Rubric: An assessment tool for grading performance-based activities that includes performance levels, specific criteria, and criteria descriptions. Written feedback can also be included to support the overall performance level selected.

Standardized Person (SP): An individual hired to play the role of a patient/caregiver/healthcare provider within a structured scenario. SPs may also serve in a grading capacity utilizing a provided checklist or rubric to evaluate student performance.

WebEHR: A web-based electronic health record for storage and management of patient health information, also utilized for simulated patient health information for educational purposes.

Performance-Based Assessment (PBA): An assessment that evaluates learners on their ability to complete a clinical skill or series of skills, interact with a simulated patient/caregiver/healthcare provider, or demonstrate technical skills (i.e. sterile and non-sterile compounding).

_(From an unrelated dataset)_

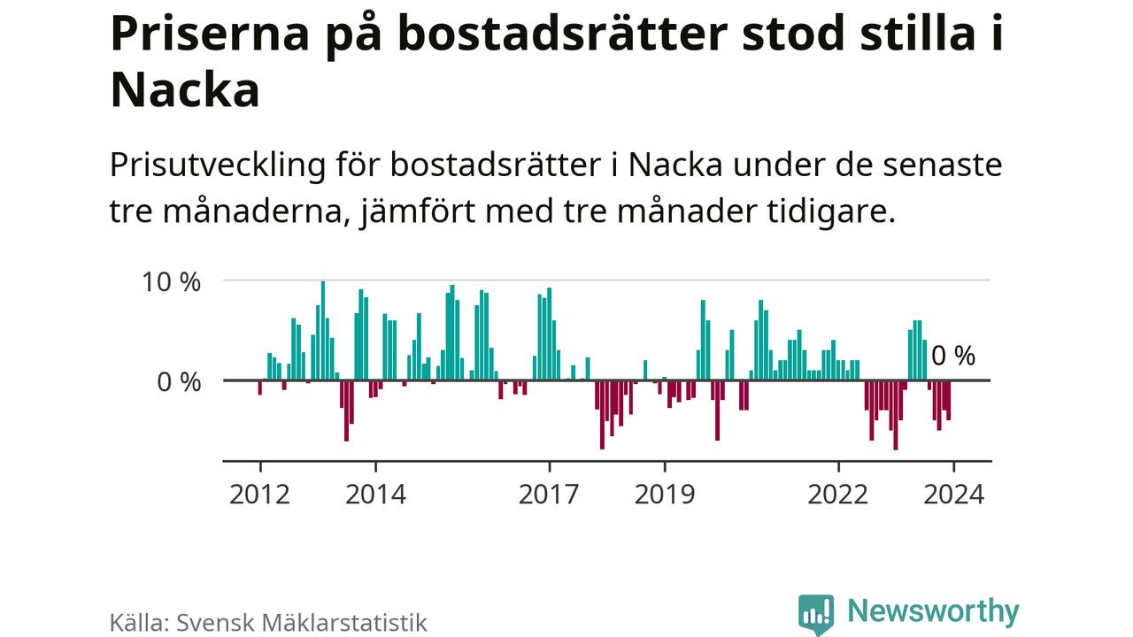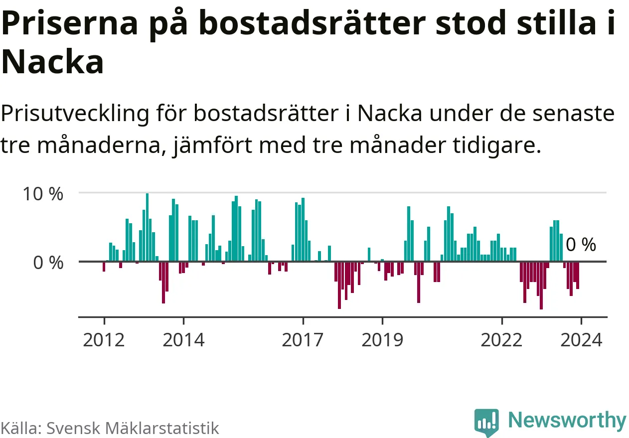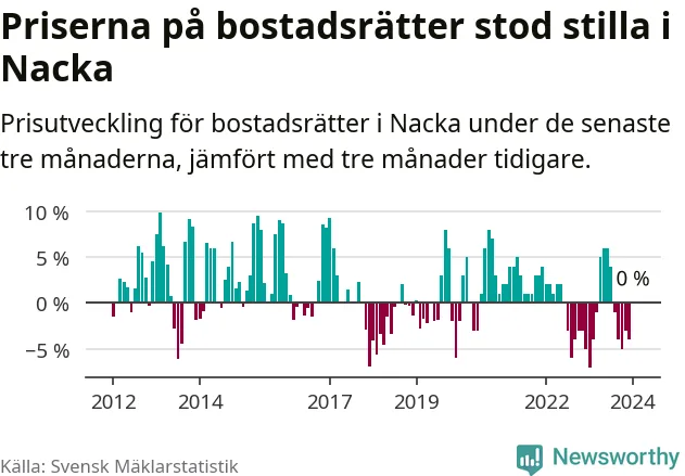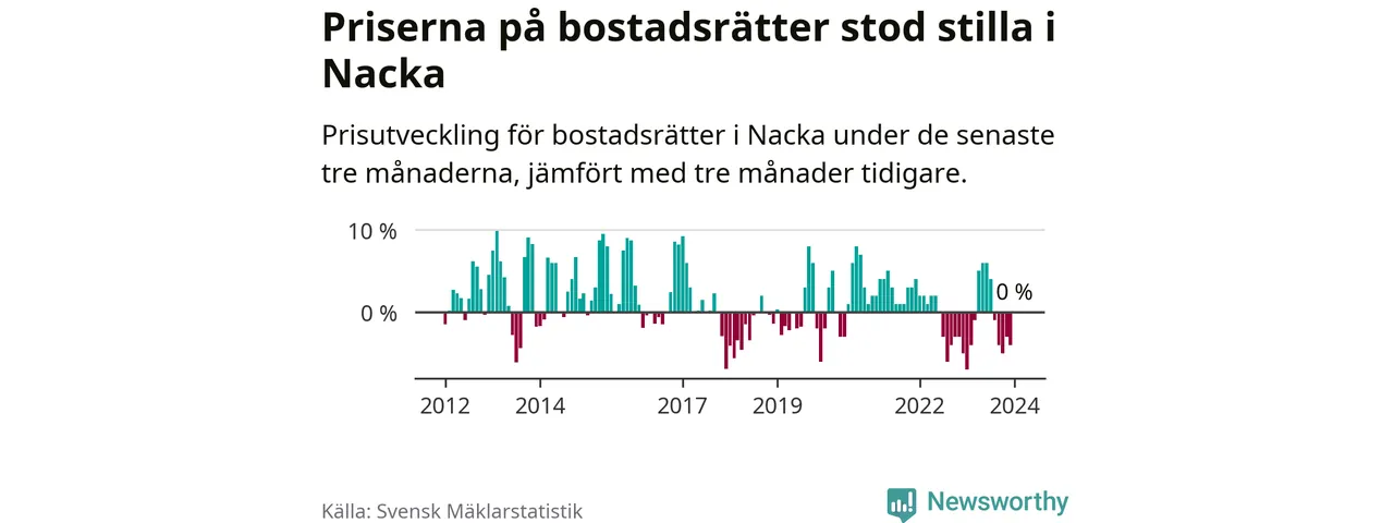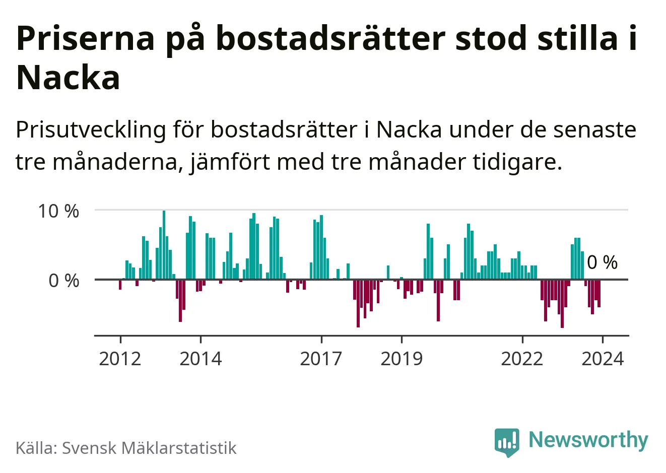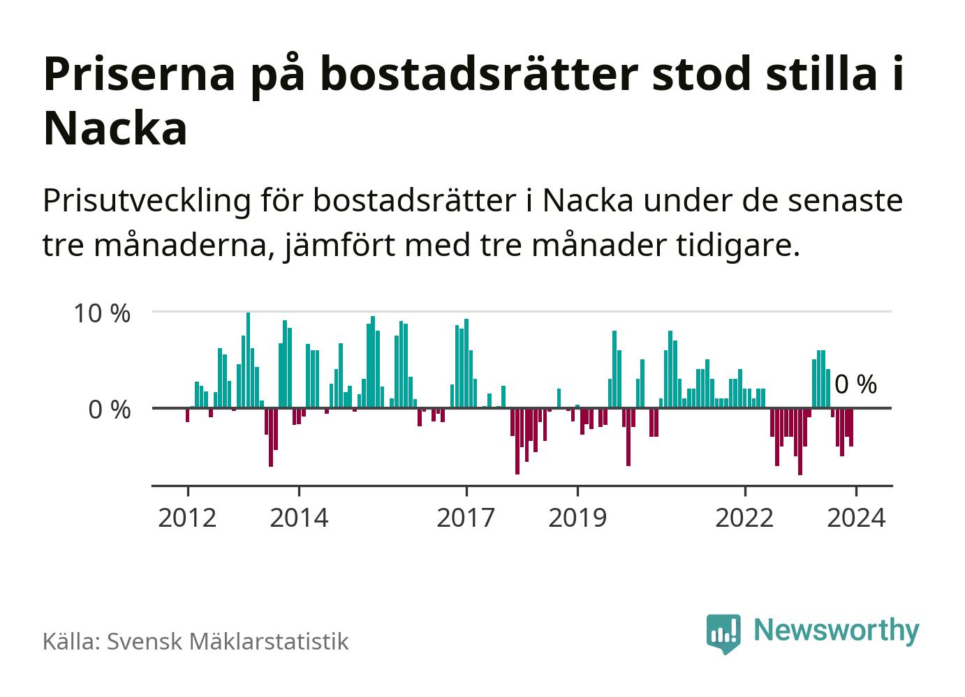 Priserna på bostadsrätter står i stort sett stilla i Nacka kommun. Medelpriset på de på försäljningarna under de senaste tre månaderna låg på samma nivå som för tre månader sedan.

Interactive Scenario: A performance-based assessment station that requires the student to engage with a standardized person to complete the task.

Analytical Checklist: A comprehensive list of items specific to a performance-based assessment scenario that students must complete to successfully achieve the outlined clinical skill or task. This is graded as achieved or not achieved for each item.

Non-Interactive Scenario: A performance-based assessment station that does not require the student to engage with a standardized person to complete the task.